On Language and Perception

Noam Chomsky believed in a thing called "universal grammar," an underlying set of rules which all world languages' grammars follow. Furthermore, he believed that we have mental hardware specifically equipped for language, and more specifically that our brains are pre-programmed to understand certain grammatical features which all languages are observed to follow. He would claim that the reason that grammars are the way they are is because that space of possible grammars is defined neurologically.

Another prevailing opinion is that we just use general statistical pattern recognition circuitry to pick up language, among other things.

Both claims are coherent with the modern theory of language acquisition, it's just a question of what the specific acquisition circuitry is doing- is it language specific, or is it just general circuitry being used for that purpose? Chomsky believed the former. That said, I don't think either are quite right.

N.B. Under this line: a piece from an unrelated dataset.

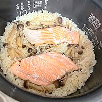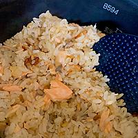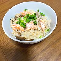 冷凍していた鮭(1)をバター(10g)で両面焼き目をつけてから、溶けたバターと一緒に入れて炊いてみました。美味しくて間違いなくリピートします。(人参、椎茸、鮭)
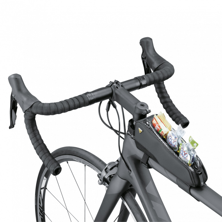 Stylish slim top tube mounted bag giving cyclists quick and easy access to energy bars, smartphone, wallet, tools or any small essential gear they need close at hand.

Notice that language is patterned in a very similar way that our perception interprets our environment. We do have specific neurology to facilitate such perception, which is why Chomsky's universal grammar seems true at first glance. But, on the other hand, acquisition is just statistical pattern recognition built on top of our system of perception. That is to say, grammar is confined as it is because that is the way an agent in an environment sees things, not because the acquisitional neurology is particularly restrictive.

We subconsciously segment our visual field into individual objects with purposes and associated behaviors. This inevitably yields describing things with a more or less closed set of words and not just a blurred swirled artistic gradation of meaning. Similarly, the baseline grammar of having subjects, objects, and verbs might well be a result of some fundamental way of seeing the world as actions caused by things which happen to other things. This mode of perception is easily taken for granted, but nothing is stopping you from being a hippie and parsing the world as just some asegmented blur with no distinct boundaries between things.

So, I think parts of both are correct insofar as they both describe an underlying structure: biology defines perception, but the method of statistical acquisition which lies above perception is fundamentally general beyond language. If you take the claim of Universal Grammar and replace "language" with "perceptive structure" then it becomes true: "we have mental hardware specifically equipped for perception, which naturally prescribes some patterns on language." That's why his theory seems true. Language is deeply connected to the way that we interpret things, so it's easy to not be able to see where the line between language and interpretation lies.